Veglia - Part 9
The elders came forward to greet them as he stepped onto the hard ground. They bowed low and held their hands out, speaking words in their own language, but then one of the women spoke in the Tharian common tongue.
"Welcome to our world," she said. "On behalf of all my race I offer my sincere apologies for the actions we ordered against you. I swear to you that we meant only to protect ourselves and meant no harm to any of your race. If you feel the need to exact retribution for our actions, I beg that you punish the three of us, and we alone, for it is we alone who bear the guilt. We place ourselves at your mercy."
"We haven't come here to seek retribution," said Strong, "but only to establish peaceful, friendly relations with you. On behalf of all the races and peoples involved in building the Ship of Space, I am authorised to accept your apology. Let us put the past behind us and move on. Our two peoples have much to offer each other. Together we can accomplish more and reach further than either of us can alone."

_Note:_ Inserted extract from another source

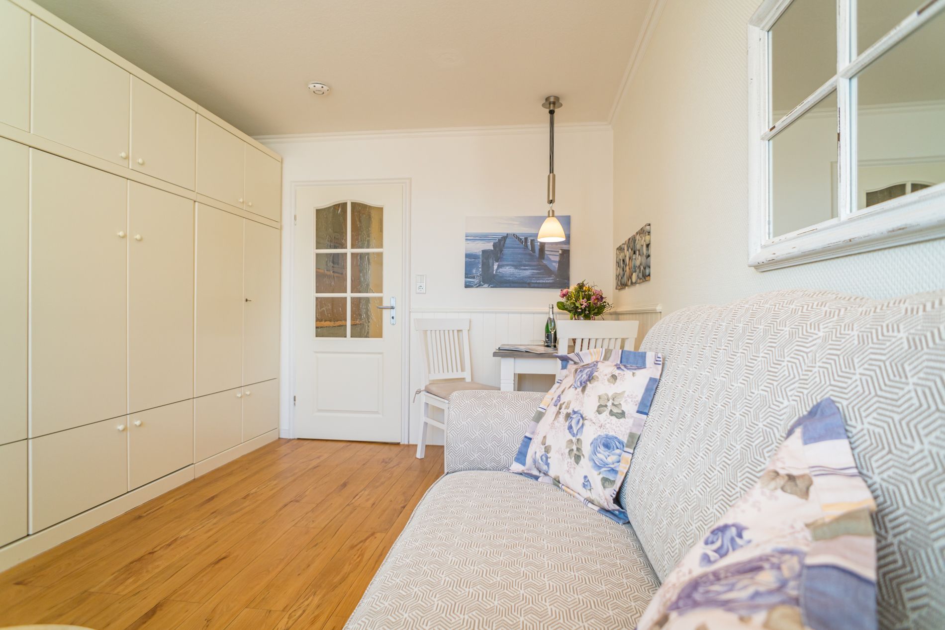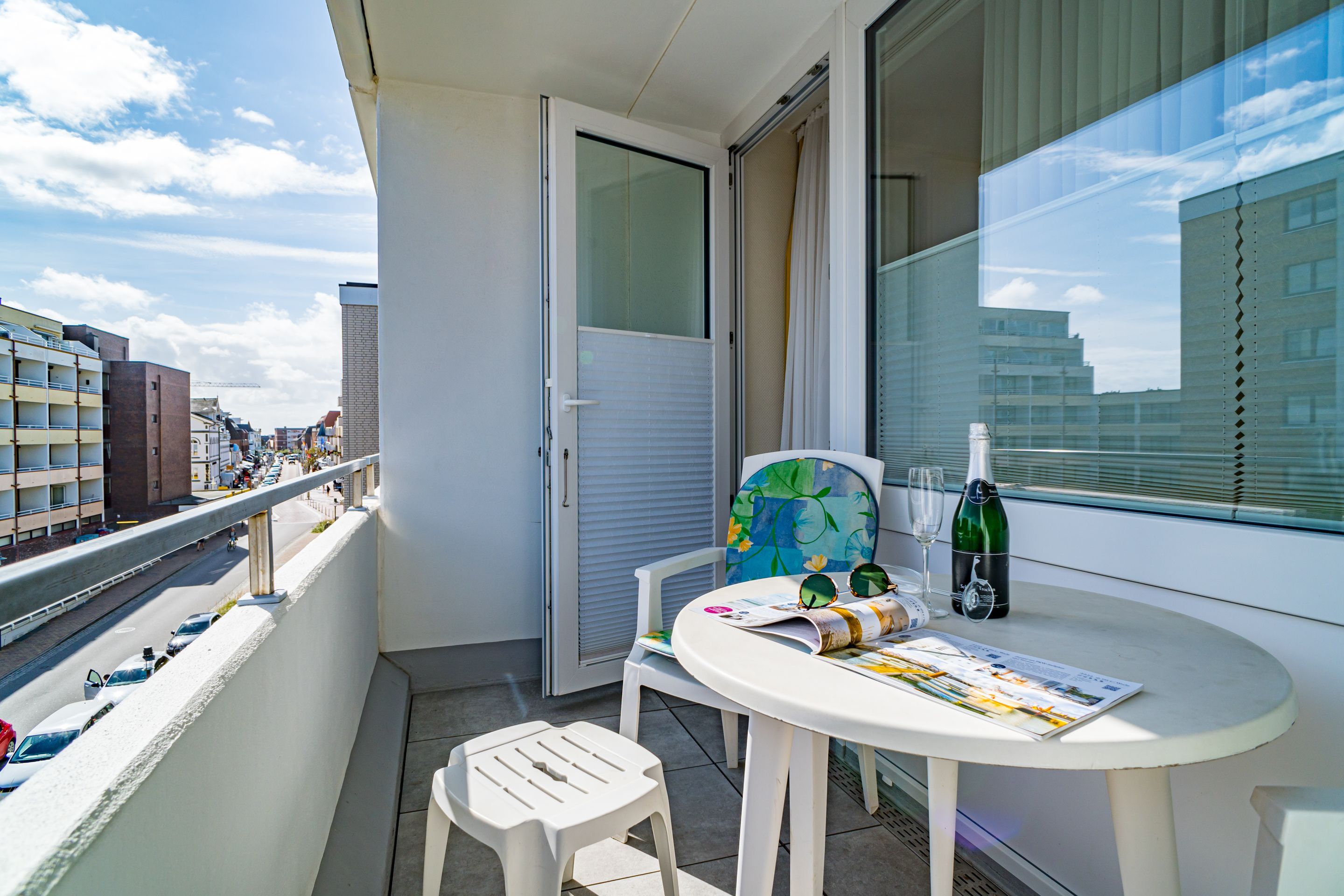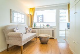 Freundliches 1-Zimmer-Nichtraucher-Appartment mit ansprechender Gesamtausstattung (ca. 23 qm) in der 3. Etage zur Landseite mit Ostloggia (Morgensonne, mit Balkonmöbeln und Auflagen) für max. 2 Personen.

It was obviously a speech he'd been rehearsing for a long time and Thomas saw the effect it was having on the felisians as the elder translated it for the others. Only now was the full terror they'd been experiencing made evident as it slipped mercifully away, to be replaced by a great sigh of relief. Beaming smiles appeared on many faces.
"We know well the trials and rigours of space travel," the elder added, "and know how weary you must be after your long journey. We offer you and all your people the hospitality of our city, therefore. The chance to rest and refresh yourselves before we begin the great work you came so far to perform." She indicated the building from which they'd come. "We have food and drink and luxurious apartments that we have tried to adapt in the human way. We have spared no efforts to make you feel welcome among us."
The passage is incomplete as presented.